A key aspect to a distributed system is that much of the work is being done asynchronously. Quite a bit of work can happen as a side effect of processing an HTTP request that does not need to happen within the request/response cycle. For example, as part of processing a new customer order you may want to send a confirmation email. That work can be placed in a queue and processed asynchronously as a subset of work that only happens in the event of a new order. What would it look like if we applied this same style of flow to processing payments?
You might think that charging a card and knowing the result of the transaction is essential before granting access to your product, but it’s worth reevaluating this perspective. It’ll depend a bit on your product- if it’s access to a download then you probably want the transaction to go through before allowing the download. For subscription based digital goods you could grant access prior to confirming a successful payment, placing the transaction in a queue to be processed sooner rather than later. Many transactions will likely succeed meaning your end users will have a snappier, more pleasant experience buying your product. For the transactions that fail due to issues with a customer's account (for example insufficient funds), you can revoke access to your product and force those users to enter a different payment method.
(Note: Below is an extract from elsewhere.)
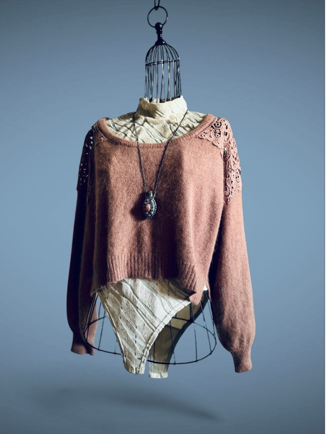 イタリー ヴィンテージ パワーネット & モール ハイネック オールインワン

Ultimately the benefit of placing those transactions in a queue enables you to safely determine retry semantics to address transient issues such at network instability or payment gateway availability. You shouldn’t expect your payment gateway to have 100% availability and in those cases, it’s perfectly acceptable to retry the gateway to see if things have recovered. Now that your transaction processing is happening outside of the standard request/response cycle, customers with transactions that would have succeeded anyway can use your product, which provides a much better first experience.
Idempotency is great, but when applied to a robust system of asynchronous retries, you’re able to safely retry transactions until you receive a response that you can reliably follow up on. Through it all you’ll be optimizing revenue by not being susceptible to transient issues, while also providing a seamless payments experience to your customers -- making it as easy as possible for them to pay you for your product.